Milo straightens. “Messages?”

“She told me last night. No name, no number. They disappear after she reads them. Anything on the gossip site, Rosa?”

“Nothing posted,” she says. “If anyone knew, it’d be all over by now.”

Marco tosses the apple again, catches it. “So, who the hell is it?”

“I don’t know.” I crush the cigarette in the tray. “Whoever they are, they’re smart. Know how to cover tracks.”

“Someone inside?” Milo asks.

“Maybe.” I rake my hand through my hair. “So, we keep quiet. No one else knows until I talk to Grandfather.”

“Speaking of plans,” Marco says. “How are you getting her out this weekend? Conor’s glued to her.”

“I’ll find a way. Maybe through alliance training. Leo might run interference.”

“And if he won’t?” Rosa’s voice is soft.

“Then I lie. But he’ll help.”

The silence that follows is heavy, less judgment, more worry. The kind that comes from loyalty.

“She’s really in this deep?” Milo asks. “You are too?”

I nod once.

But inside, everything spins.

If I don’t get this right, we’re not risking love.

We’re risking blood.

The airin the classroom hangs heavy, buzzing faint under tired lights.

I slump in the back corner, elbow on the desk, counting seconds.

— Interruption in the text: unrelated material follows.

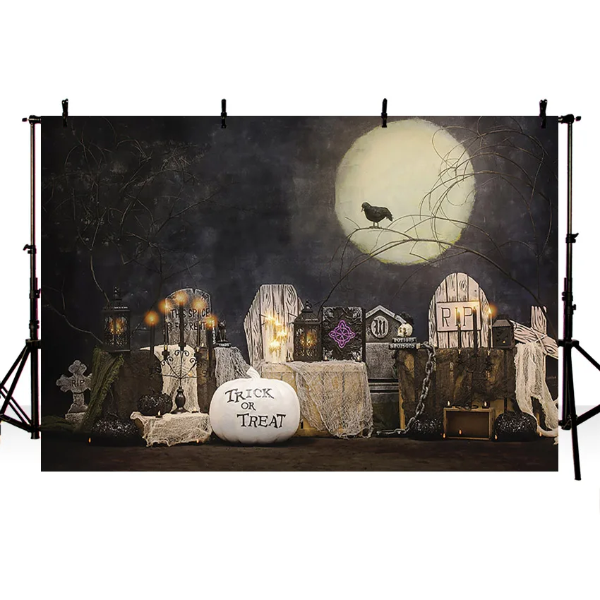 Avezano Хэллоуин фон Тыква фонарь призрак ночной замок летучая мышь...

Marco taps his pen in a rhythm that drills behind my eyes. Milo’s half-asleep, hood up like he’s plotting an escape. The teacher’s voice blurs. I haven’t heard a word in forty-five minutes.

I’m watching her.

Aoife sits front row, posture straight, mask in place. Conor leans in too close, whispering something that makes her jaw tighten. Her arms lock across her chest like armor.

Whatever he’s saying, she hates it. My hand curls under the desk, fist tight enough to ache.

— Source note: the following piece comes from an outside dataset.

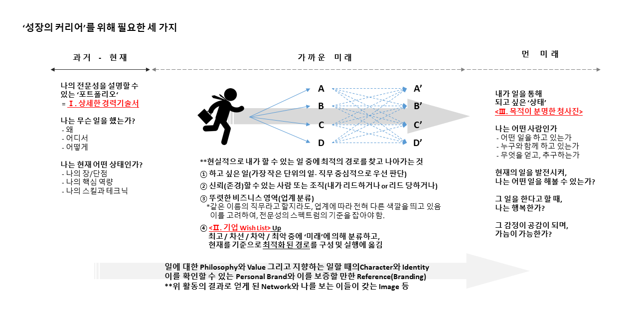 이를 제외하고, ① 하고 싶은 일(가장 작은 단위의 일- 직무 중심적으로 우선 판단), ② 신뢰(존경)할 수 있는 사람 또는 조직(리드하거나 or 리드당하거나), ③ 뚜렷한 비즈니스 영역(업계 분류)을 통해 리스트를 뽑고, 나만의 기준에 의해 세 분류하고, 경로를 설정해보는 것이다.

Marco notices. “Stop staring before you combust.”

Milo’s voice drifts through a yawn. “She looks pissed.”

The bell rings. Chairs scrape, bags zip. Aoife’s the first up, slipping past Conor before he can grab her. I track her until the door closes.

“Come on,” Marco says, stretching. “Let’s get out before my brain dies.”

“Garden?” Milo asks.

“Yeah.” Marco kicks my boot. “Move.”

We push through the corridor into sunlight. The garden hums with laughter and gossip. Ricci and Remo argue over a street race while Remo tosses grapes into Santino’s mouth.